We just finished the pavers on the patio here. Also painted the house. Now on to the pergola(s). 

All rough sawn beams and posts. 6x6 posts, 6x8 beams and 4x8 rafters.

Got to use the Prazi a bit. I'll do a review on it later.

































Cut from the Prazi. Not smooth but being rough sawn lumber, it does not matter much. The cut is straight and square though.


----------



## CrpntrFrk (Oct 25, 2008)

Nice that the Prazi flips to 45 degrees. All the rafters will have a 45 detail.


----------



## EthanB (Sep 28, 2011)

Wow! That is one clean skil saw!


----------



## CrpntrFrk (Oct 25, 2008)

Some progress...

She (HO) could not keep up with painting them all before we got them up so she gave up and said just build it. lol


----------



## CrpntrFrk (Oct 25, 2008)

All cross members in..


----------



## EthanB (Sep 28, 2011)

Big and simple. I like it. I'm not a fan on all the detailed ends on a simple house.

For the tearout you could mark your lines with a sharp blade and cut to the side of it by 1/16". It'll still tear out but it'll be even.


----------



## CrpntrFrk (Oct 25, 2008)

EthanB said:


> Big and simple. I like it. I'm not a fan on all the detailed ends on a simple house.
> 
> For the tearout you could mark your lines with a sharp blade and cut to the side of it by 1/16". It'll still tear out but it'll be even.


I tried a couple but that Prazi is a beast. So I gave up. They all will need a little attention but not too much do to the nature of the rough sawn.


----------



## NINZAN STUDIO (Jan 10, 2012)

EthanB said:


> Big and simple. I like it. I'm not a fan on all the detailed ends on a simple house. For the tearout you could mark your lines with a sharp blade and cut to the side of it by 1/16". It'll still tear out but it'll be even.

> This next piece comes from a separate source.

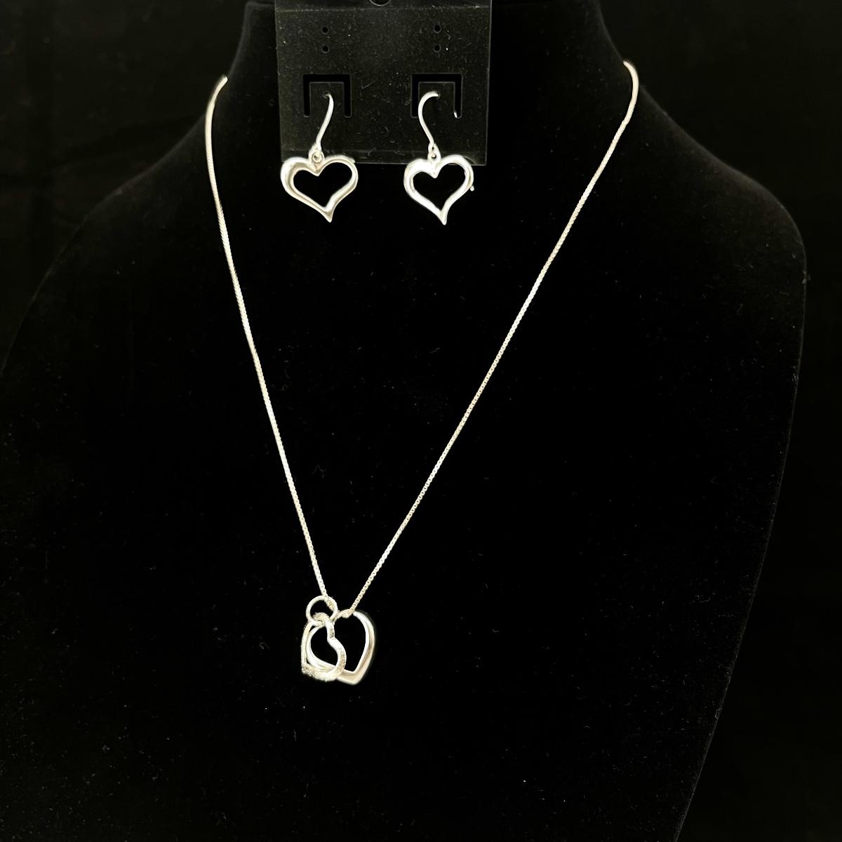 #408 - 925 Double Heart Pendant with 20” Sterling Box Chain and Heart Hoop Earrings

Just hit it with a sanding block after the cut, before you move it. I like the rough cut on the rough sawn...looks appropriate.


----------



## Deckhead (Dec 9, 2010)

I like your blocking that looks sharp.:thumbup:

I agree with ninzan, simple "deburring" is all that's needed, makes it look finished in a rough cut sense.


----------



## CrpntrFrk (Oct 25, 2008)

Done....


----------



## CITY DECKS INC (Sep 4, 2012)

Great job. Im all about Keep It Simple Stupid.


----------



## hdavis (Feb 14, 2012)

Nice job!


----------



## CrpntrFrk (Oct 25, 2008)

Thanks guys. She is going to finish painting and she wants retractable screen on top. We will also be building a little pergola over the BBQ area. So I want to get pictures of all that.


----------



## NINZAN STUDIO (Jan 10, 2012)

Looks great.


----------



## CITY DECKS INC (Sep 4, 2012)

I finished this up just before the winter hit the fan. Big and simple with lights and fan package. I was curious about what the different angles and layouts are called so after Googling for a while this tapered look is called Japan style. Send the finished picts.


----------